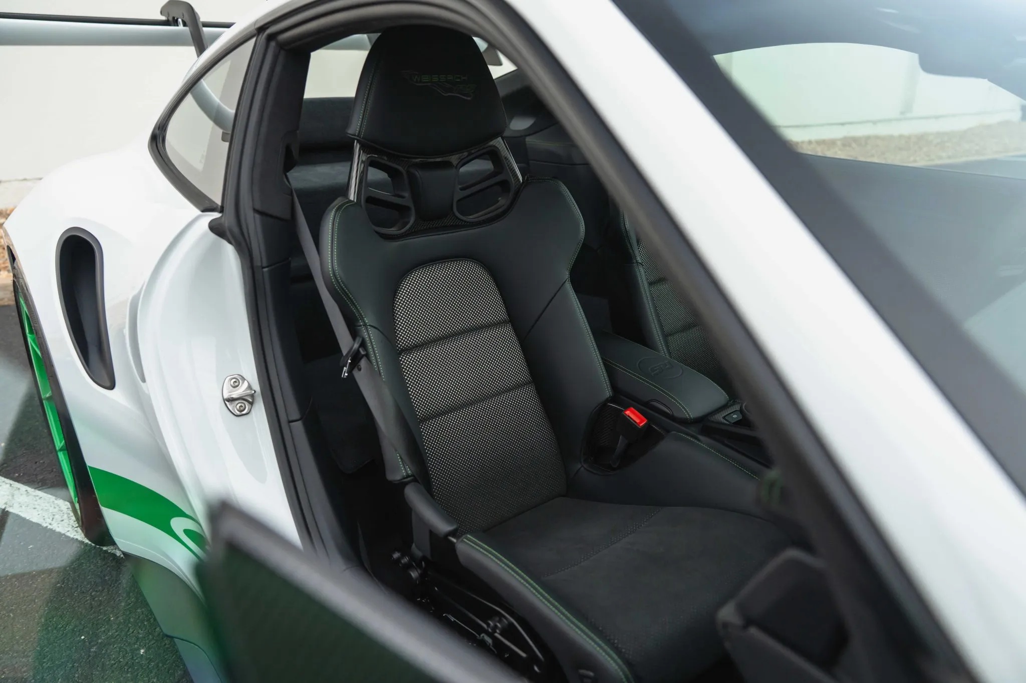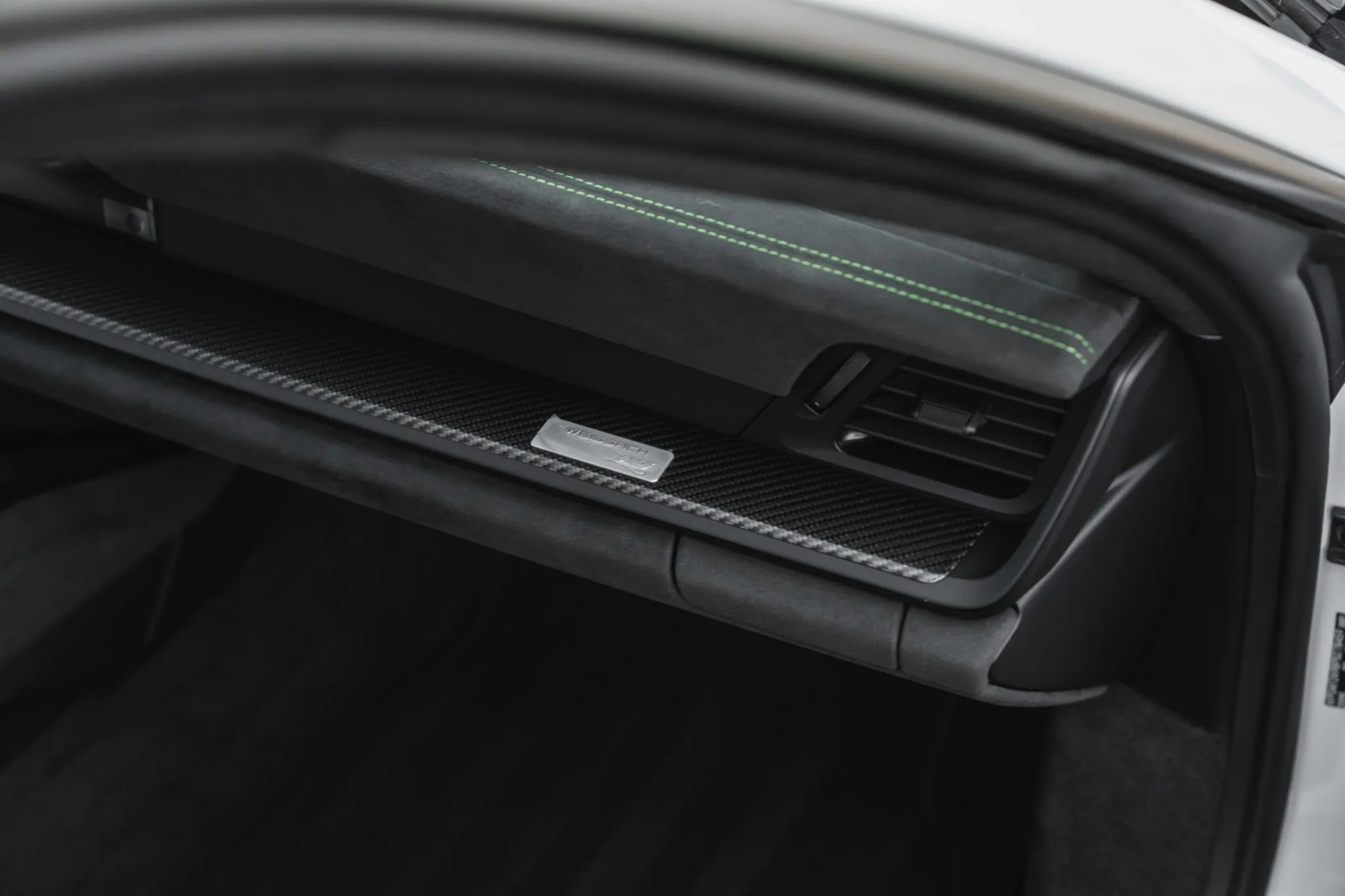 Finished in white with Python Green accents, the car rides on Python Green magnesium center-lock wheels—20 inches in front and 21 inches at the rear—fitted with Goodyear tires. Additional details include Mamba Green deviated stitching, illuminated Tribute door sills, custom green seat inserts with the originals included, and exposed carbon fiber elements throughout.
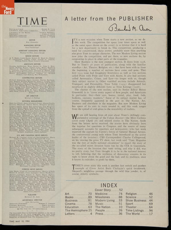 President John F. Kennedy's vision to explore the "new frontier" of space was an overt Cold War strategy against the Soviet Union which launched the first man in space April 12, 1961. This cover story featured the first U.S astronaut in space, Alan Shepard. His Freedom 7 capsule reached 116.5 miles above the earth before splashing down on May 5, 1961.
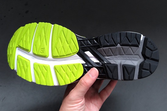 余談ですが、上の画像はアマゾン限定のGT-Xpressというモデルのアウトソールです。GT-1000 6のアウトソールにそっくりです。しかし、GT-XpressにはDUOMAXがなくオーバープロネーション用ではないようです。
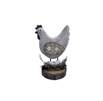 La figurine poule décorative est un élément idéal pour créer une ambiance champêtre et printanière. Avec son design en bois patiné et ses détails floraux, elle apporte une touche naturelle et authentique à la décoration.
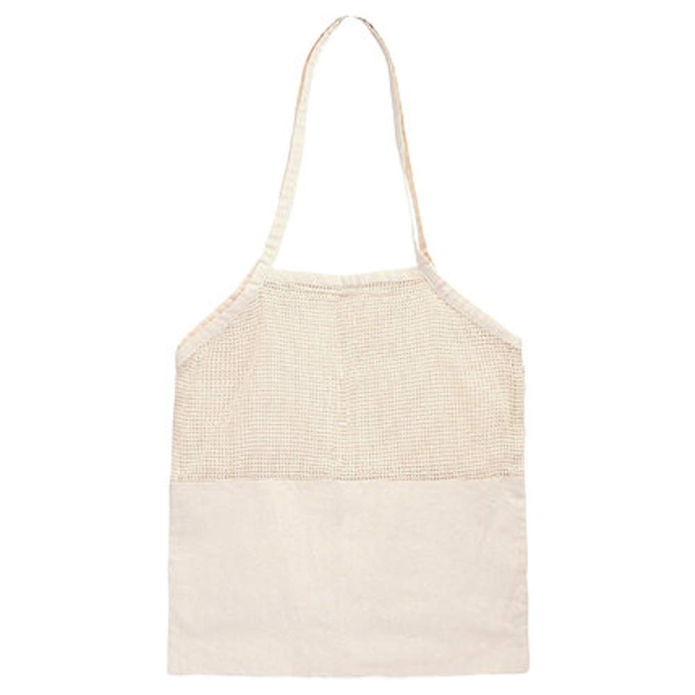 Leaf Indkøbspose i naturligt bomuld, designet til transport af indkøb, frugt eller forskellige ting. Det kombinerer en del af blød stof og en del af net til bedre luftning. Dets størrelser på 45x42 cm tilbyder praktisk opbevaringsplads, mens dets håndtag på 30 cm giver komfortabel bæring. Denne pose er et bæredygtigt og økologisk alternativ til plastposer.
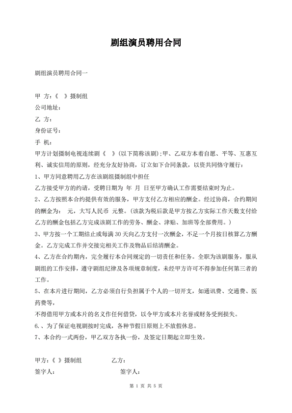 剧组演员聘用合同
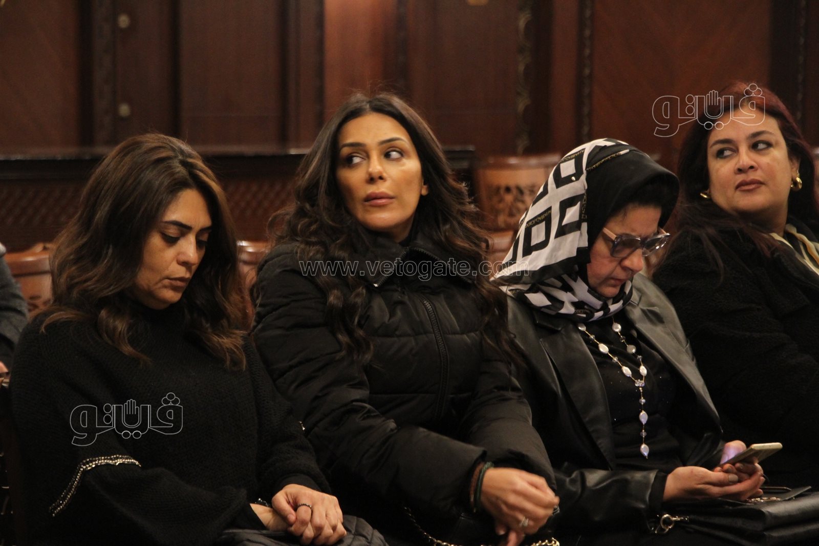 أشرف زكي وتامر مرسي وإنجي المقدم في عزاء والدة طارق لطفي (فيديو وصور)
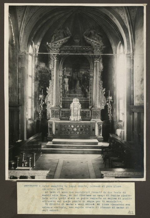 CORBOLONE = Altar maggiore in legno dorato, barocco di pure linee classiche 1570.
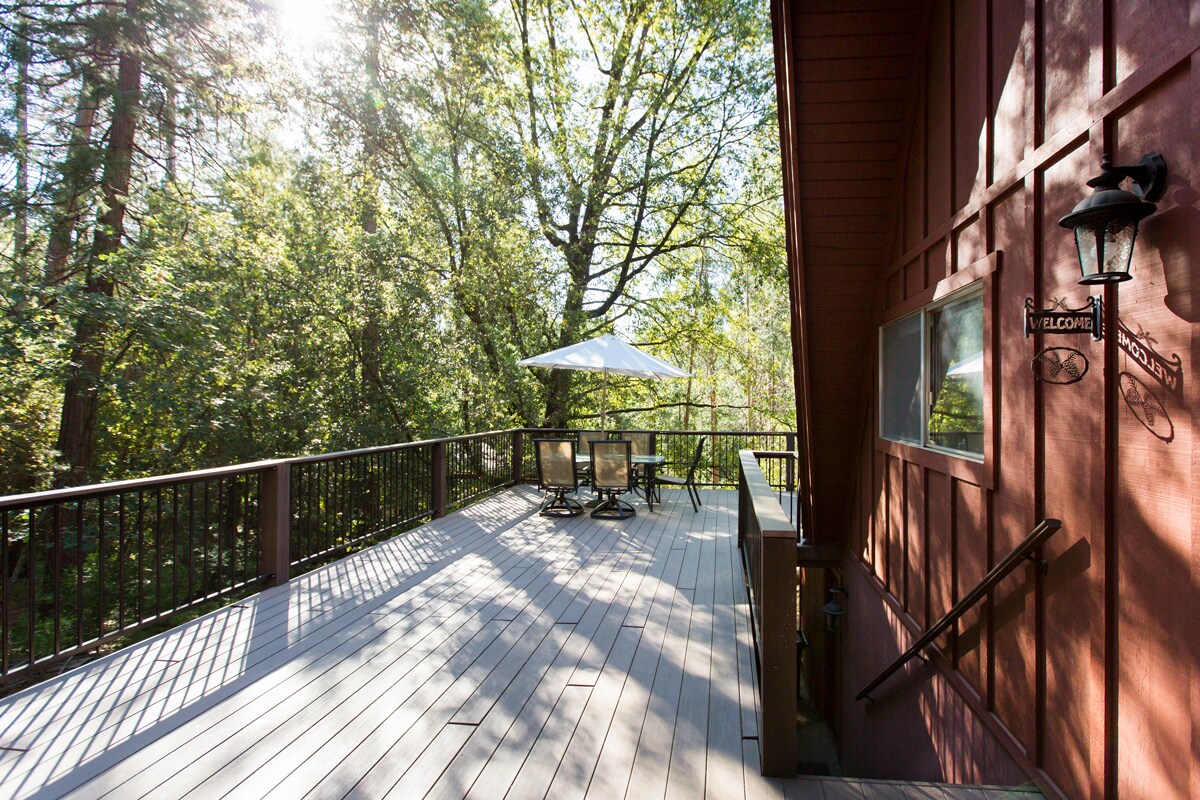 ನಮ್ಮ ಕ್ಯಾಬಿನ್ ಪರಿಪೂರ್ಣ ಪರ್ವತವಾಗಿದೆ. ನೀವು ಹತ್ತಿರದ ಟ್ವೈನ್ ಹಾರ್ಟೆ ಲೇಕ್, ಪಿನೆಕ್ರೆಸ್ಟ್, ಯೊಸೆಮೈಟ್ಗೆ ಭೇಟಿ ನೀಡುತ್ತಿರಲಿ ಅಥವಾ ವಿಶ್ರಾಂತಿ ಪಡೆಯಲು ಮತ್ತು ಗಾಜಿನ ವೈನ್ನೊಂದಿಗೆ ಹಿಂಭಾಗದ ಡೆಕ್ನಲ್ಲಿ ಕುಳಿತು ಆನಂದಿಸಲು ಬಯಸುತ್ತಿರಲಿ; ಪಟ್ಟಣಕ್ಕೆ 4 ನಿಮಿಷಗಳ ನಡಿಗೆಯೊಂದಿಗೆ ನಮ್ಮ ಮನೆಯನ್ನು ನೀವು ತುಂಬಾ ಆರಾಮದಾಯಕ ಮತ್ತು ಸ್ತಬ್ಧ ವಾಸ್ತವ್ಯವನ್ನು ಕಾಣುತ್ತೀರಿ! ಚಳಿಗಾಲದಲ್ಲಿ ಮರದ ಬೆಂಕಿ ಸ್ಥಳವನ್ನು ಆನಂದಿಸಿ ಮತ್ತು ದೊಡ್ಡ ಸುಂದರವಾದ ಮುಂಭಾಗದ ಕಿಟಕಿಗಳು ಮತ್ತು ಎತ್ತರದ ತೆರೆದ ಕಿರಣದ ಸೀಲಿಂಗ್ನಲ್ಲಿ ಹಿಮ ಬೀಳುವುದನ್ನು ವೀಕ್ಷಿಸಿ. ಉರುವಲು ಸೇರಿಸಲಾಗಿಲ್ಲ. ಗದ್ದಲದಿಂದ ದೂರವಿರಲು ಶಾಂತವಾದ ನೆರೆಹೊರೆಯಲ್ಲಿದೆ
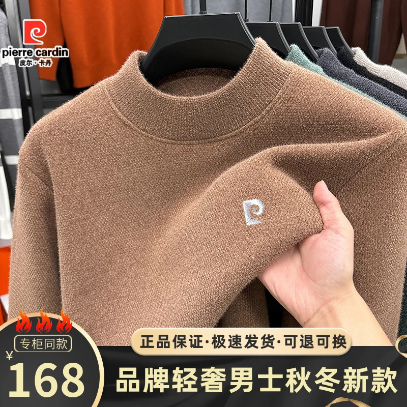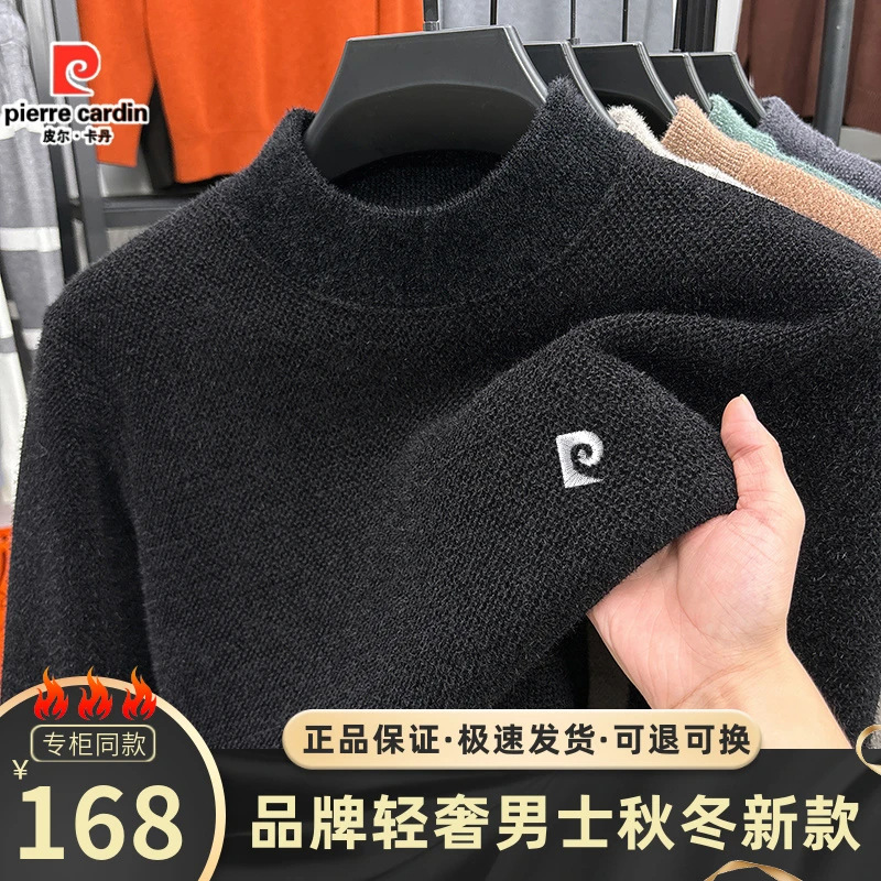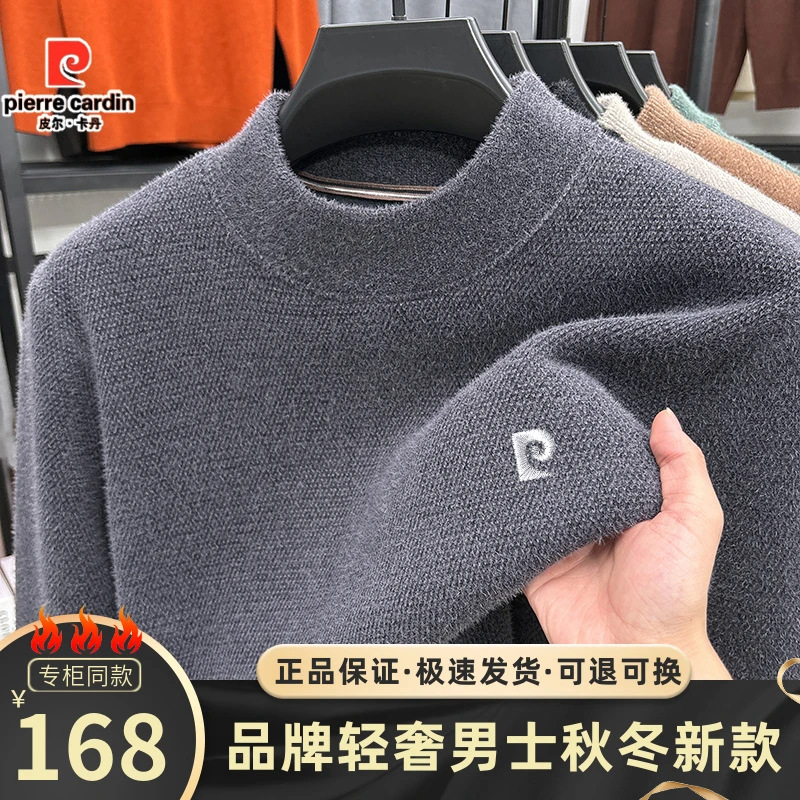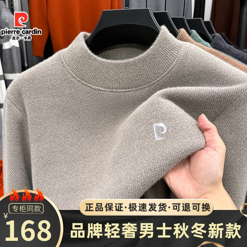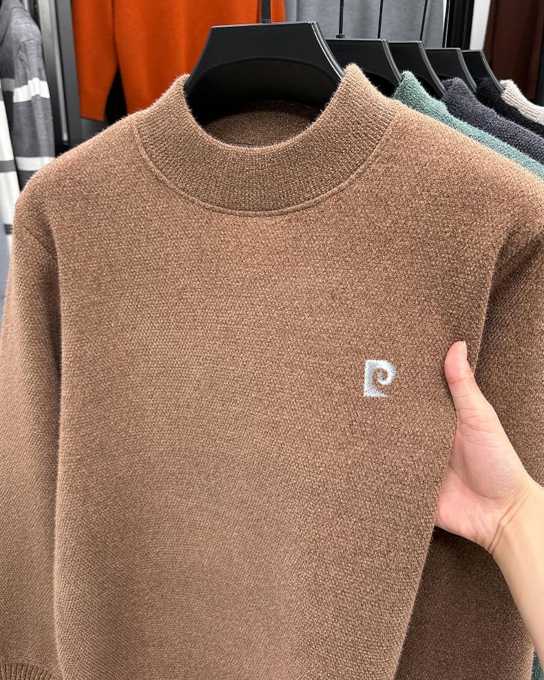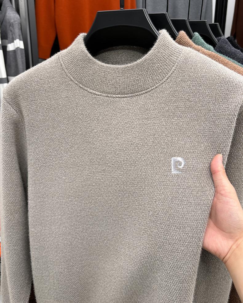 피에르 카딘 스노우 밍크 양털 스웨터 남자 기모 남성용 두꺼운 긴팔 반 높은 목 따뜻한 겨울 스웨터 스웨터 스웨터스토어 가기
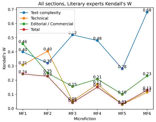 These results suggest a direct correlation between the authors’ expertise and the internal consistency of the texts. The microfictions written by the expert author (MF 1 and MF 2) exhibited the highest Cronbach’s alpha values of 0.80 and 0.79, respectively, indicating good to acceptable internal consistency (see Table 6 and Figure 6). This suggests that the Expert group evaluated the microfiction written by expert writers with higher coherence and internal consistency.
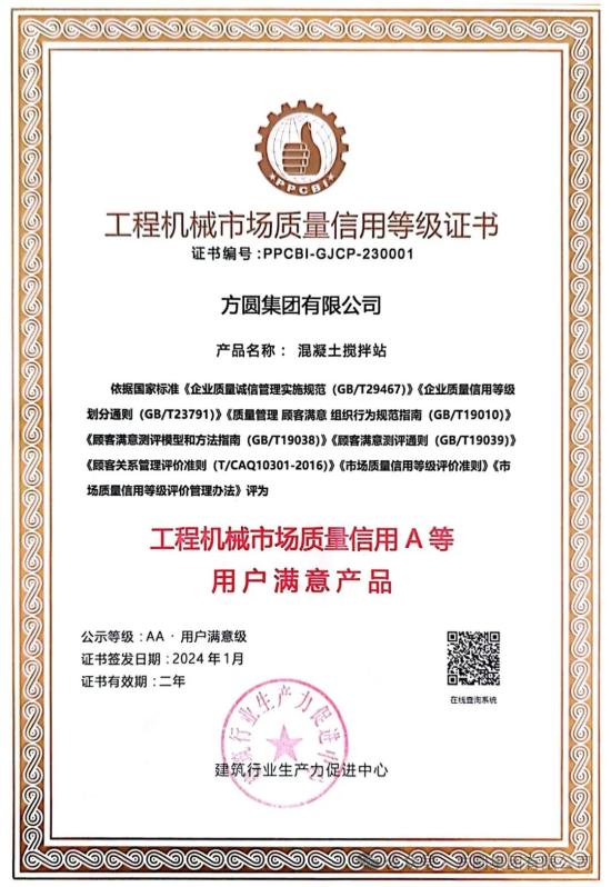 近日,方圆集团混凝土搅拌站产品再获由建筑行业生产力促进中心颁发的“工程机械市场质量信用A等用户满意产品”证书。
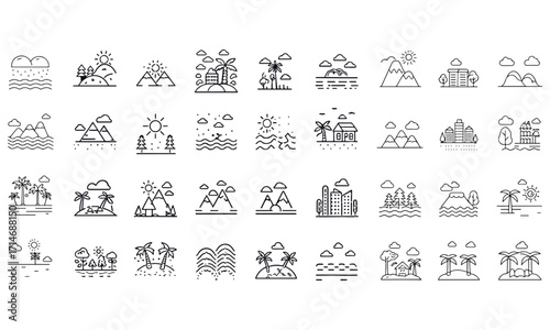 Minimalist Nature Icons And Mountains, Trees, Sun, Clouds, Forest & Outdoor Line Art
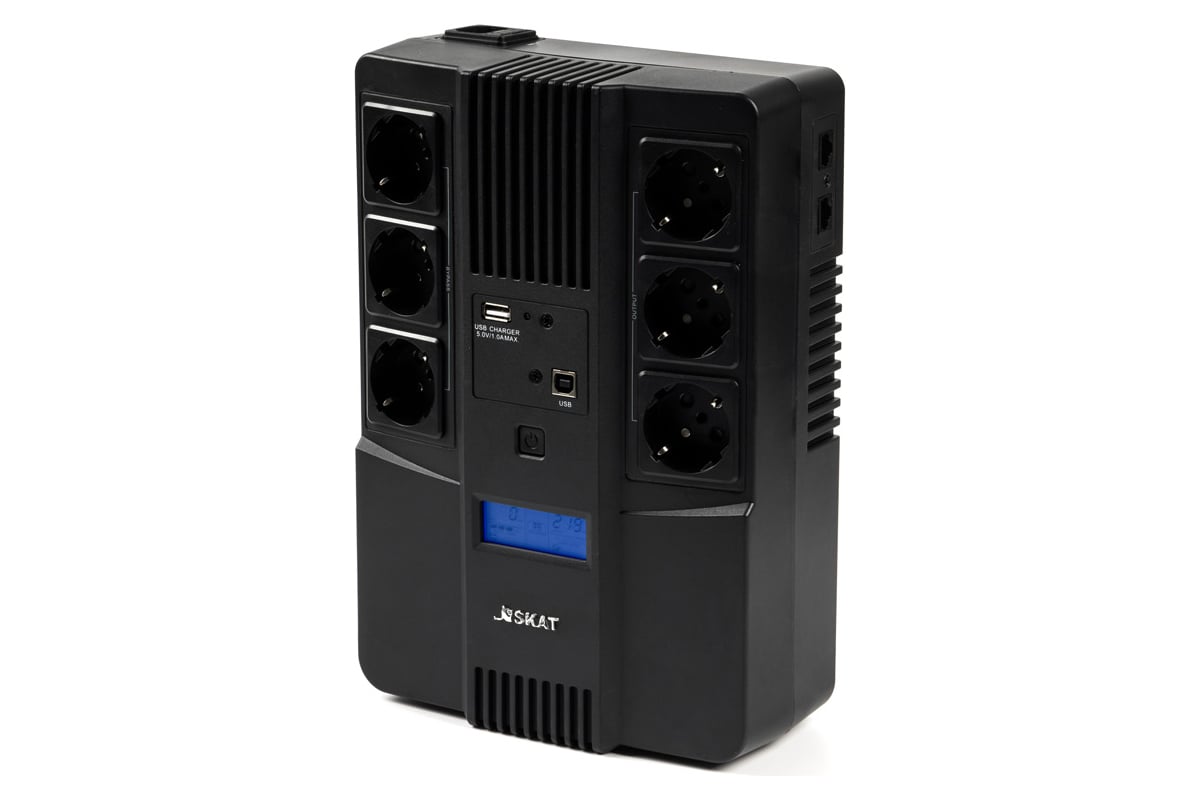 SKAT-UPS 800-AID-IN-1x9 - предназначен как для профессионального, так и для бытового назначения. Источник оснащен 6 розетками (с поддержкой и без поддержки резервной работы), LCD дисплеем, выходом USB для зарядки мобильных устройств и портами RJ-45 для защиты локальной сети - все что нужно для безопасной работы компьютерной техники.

- [PROBLEM STATEMENT] Look above for the line with "أشرف زكي وتامر" and the line with "CORBOLONE = Altar". Copy them and every line between, exactly, but no pictures.

- [RESPONSE TO THIS EXERCISE]
 أشرف زكي وتامر مرسي وإنجي المقدم في عزاء والدة طارق لطفي (فيديو وصور)
 CORBOLONE = Altar maggiore in legno dorato, barocco di pure linee classiche 1570.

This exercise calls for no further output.